Ruplu Bhattacharya: Okay. Thanks for that. And just as a follow-up, I want to push you a little bit. I mean this is the second time in a row that you’re cutting full year guidance. I mean last time revenues you cut by $2.5 billion. And this time, it looks like ex the $400 million for the mobility business, the takedown is about $2.1 billion. So my question is really the same as I had last time, which is, what gives you confidence in your guidance and how can investors get confidence that you won’t come in even lower for fiscal ’24, for example, if renewables is weak, why can’t it get even weaker? And then Mike, just on the — for next year, you talked about all these drivers for margin improvement. My question would be what can derail that? I mean what are some of the risks to Jabil attaining that margin and what should we look out for? Thank you so much for taking my questions.
Kenny Wilson: Yeah. So let me take a step back, Ruplu, because we’ve reflected on that a lot. The relationships we’ve got with our customers is — and generally has been long term in some instances, has been multi-decades. So we have a partnership there. We’re kind of joined at the hip connected. We’ve got processes where we share forecasts. We look at inventory. So we’re pretty tight. We’ve got people in our sites, whether it’s business development people, planners, et cetera, et cetera, that are involved in this. So this isn’t the top down. It’s — we bubble this up from the bottom. So — and I can understand the question. In Q1, we’ve seen a broad-based reduction. And if I look forward from what we when we looked at Q2, across the majority of our end markets, what we predicted is going to happen for the balance of the year is happening.

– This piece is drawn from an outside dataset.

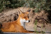 vos in de duinen. Hij ligt heerlijk in het zonnetje uit te rusten van een jachtpartij

So we’re comfortable with that. And sometimes you get out higher, like India, for example, I mean, no one expected with the rate — the deployment of radios in India that, that would just all of a sudden stop. So I think that, that in this instance, that becomes something that you got accept that sometimes things will happen. In the renewable space, we spend a lot of time with — we’ve got more customers now than we had six months ago. And we spend a lot of time with them. It’s clear that the slowdown and the rollout of the inventory we got in channel has been much lower than expected. We’ve taken our numbers way, way down. But in that also, we look — it’s mainly a residential play that’s been soft. We are pivoting so that we are much more in the commercial side, and that’s been supported by our customers.

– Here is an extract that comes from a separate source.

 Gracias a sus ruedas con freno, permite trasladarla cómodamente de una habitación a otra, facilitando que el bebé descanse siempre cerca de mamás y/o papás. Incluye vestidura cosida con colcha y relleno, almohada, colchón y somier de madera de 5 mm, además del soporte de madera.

We’re also — we’re winning market share, and there’s been a lot of consolidation to Jabil in that space lightly. And if you read the it seems like the commercial space in the U.S. is becoming more robust and we’ll be building that in North America also. So we’re getting share. We’re taking our numbers down significantly. The balance of our business, we think, is holding up. So we think we’re really at the bottom here. But what I would like to add though a little bit to your question is — and I mentioned in my prepared remarks, we’ve got to be really, really good at control in what we can control. Whether this has been a pullback, slowdown, recession, inventory correction, whatever you want to call it, if we look back in our company’s history, the last couple of times this has happened.

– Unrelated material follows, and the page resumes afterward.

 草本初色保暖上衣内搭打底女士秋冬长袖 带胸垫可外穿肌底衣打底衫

Our EPS has gone down by 40% or margins by 100 basis points or more. Here, we’re working really hard, as we mentioned in our prepared remarks, to make the company much more resilient and robust. So I think that we demonstrate that in spite of shops in a couple of our end markets that that our businesses has taken a couple of punches, but staying remarkably resilient. So my message to investors would be that sometimes like outliers happen. But I think it was improving our margins and I think 840 EPS, I think it demonstrates that our company is much more robust than it was historically.
Michael Dastoor: And Ruplu, I’m going to answer your question in a slightly different way than you were at it. Obviously, you asked about the risk and what can go wrong and why the margin story holds good for us. So let me just try and answer it by talking about the $10.65 a little bit. Because all of that is factored into our $10.65 guide. Why do I feel so strongly about that particular $10.65 number. Before that, let me just give you some building blocks. So if you look at what our interest costs this year will be in the high 200s. We expect next year to be in the mid-$200 million. So if you take an interest number of about $250 million for the building block there, if you take WASO (ph), we will have done substantially the $2.5 billion will be completed by FY ’24.
In FY ’25, we’ll continue a more normalized run rate of buyback. So I expect WASO to be about $110 million to $113 million in FY ’25. Now based on these two numbers, if you take the incremental income that’s needed to make $10.65, the numbers are around $130 million to $140 million of incremental income. I talked about some of the end markets, how we’re sort of benefiting from some other macro trends that are coming into play right now. I talked about AI, I talked about the different end markets within storage, in cloud, et cetera, where we’re seeing this whole AI proliferation. And that alone, as I mentioned, is about $1 billion to $1.5 billion incremental revenue, net revenue, I should add as well, sort of net of any consignment effect that FY ’25 presents.